Relationship Between Functional Capacity, Motor Impairment, and Cognition
Table 3 shows the correlations between functional capacity, motor impairment, and performance on cognitive tests. There were highly significant correlations between functional capacity and motor impairment measured by the UHDRS motor scale. Functional capacity and motor impairment were both significantly correlated with performance on cognitive tests.
Relationship between Behavioral Subscales and Functional Capacity, Motor Impairment, and Cognition
Table 4 shows correlations between behavioral subscales and functional capacity, motor impairment, and cognition. The Depression and Irritability subscales of the PBA-HD correlated poorly with functional capacity, motor impairment, and performance on cognitive tests. By contrast, scores on the Apathy subscale were significantly correlated with functional capacity, motor impairment, and performance on cognitive tests. Figure 1 shows scatterplots of the relationship between motor impairment and scores on the Apathy (1A), Irritability (1B), and Depression (1C) subscales. Visual inspection of these plots demonstrates the linear relationship between the Apathy subscale and motor impairment, and shows that scores on the Irritability and Depression subscales are negatively skewed.
Further analysis of the individual items of the Apathy subscale revealed that there were significant correlations between each of the constituent items and functional capacity, motor impairment, and performance on cognitive tasks.
Relationship of the PBA-HD Subscales to the UHDRS Behavioral Assessment
The behavioral assessment of the UHDRS includes 10 items, which can be split into 4 subscales: mood, obsessiveness, irritability, and psychosis. The total UHDRS behavioral score correlated significantly with the PBA-HD Irritability and Depression subscales (P<0.0005); the UHDRS mood score correlated significantly with the PBA-HD Depression subscale (P<0.0005); and the UHDRS irritability scale correlated significantly with the PBA-HD irritability subscale (P<0.0005). Neither the UHDRS obsessiveness nor psychosis scores were significantly correlated with the PBA-HD subscales. The PBA-HD Apathy subscale did not correlate with any of the UHDRS subscales.
DISCUSSION
We hypothesized that behavioral alterations in HD could be subdivided into those that are related to cognitive change and those that are independent of altered cognition. Consistent with our prediction, we observed strong relationships between measures of cognition and motor function and scores on the Apathy subscale of the PBA-HD. In contrast, the Irritability and Depression subscales, which reflect mood-based changes, were uncorrelated with either cognitive or motor impairment.

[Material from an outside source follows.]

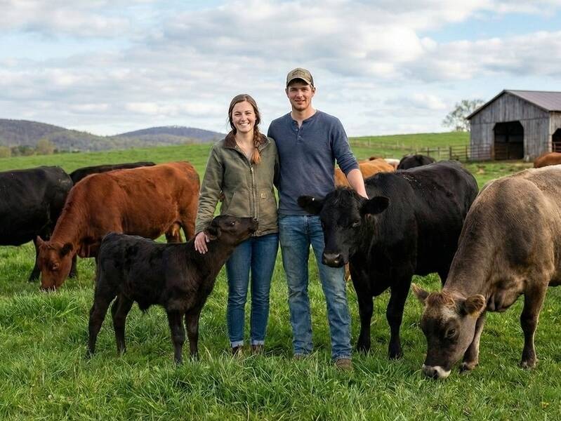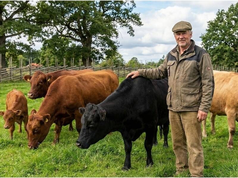 "Auf dem „Hof am Eschenhain“ leben Lukas und Sarah ihren Traum. Ihr ganzer Stolz: Eine bunte Dexter-Herde. „Wir lieben die Vielfalt und den robusten Charakter dieser kleinen Rinder“, erklärt Sarah, während ein Kälbchen neugierig an ihrer Jacke schnuppert. Zwischen schwarzen, roten und dun-farbenen Tieren herrscht hier pure Idylle. Das Paar setzt konsequent auf ganzjährige Freilandhaltung. „Sie sind perfekt an das Leben draußen angepasst“, ergänzt Lukas. Das Ergebnis ist Fleisch von höchster Reinheit und Geschmack."
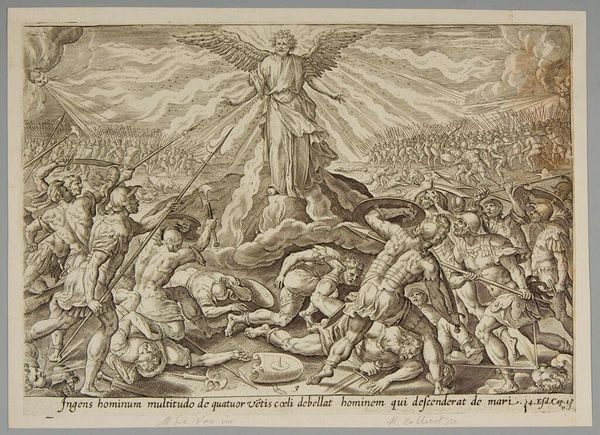 Editor: This is Johann Sadeler’s “Transfiguration,” made around 1600. The expressions are so dramatic! What’s striking to you about how Sadeler uses symbolism in this piece? Curator: Consider the radiant light emanating from Christ, bathing the scene. It's not merely illumination, but a symbolic representation of divine revelation. Doesn't it evoke a sense of overwhelming power? Editor: It does. And the figures of Moses and Elijah, flanking Christ—what’s their significance? Curator: They embody the Law and the Prophets, the foundations of the Old Testament, now converging in the figure of Christ. Think of them as cultural anchors. It's fascinating how Sadeler uses their presence to bridge historical and spiritual narratives. Editor: I hadn’t thought about them as anchors before. I’m beginning to see how deeply this work is embedded in cultural memory. Curator: Precisely! The visual language speaks volumes about the continuity of faith and the power of symbolic representation across generations.

These findings help to resolve apparent disparities in the literature. Previous studies that found no relationship between behavioral change and other markers of disease progression4–8 focused on affective changes such as depression, anxiety, and irritability. This is consistent with our finding that the Depression and Irritability subscales did not correlate with motor and cognitive measures of disease progression. A small number of studies have shown a relationship between behavioral symptoms and other indices of disease progression. A study by Levy et al.3 is of particular relevance to our findings. Although principally concerned with the association between apathy and depression, the authors observed that while depression did not correlate with cognitive impairment (as measured by the Mini-Mental State Examination), apathy did. This is in keeping with our finding that the Apathy subscale of the PBA-HD correlated with cognitive and motor impairment.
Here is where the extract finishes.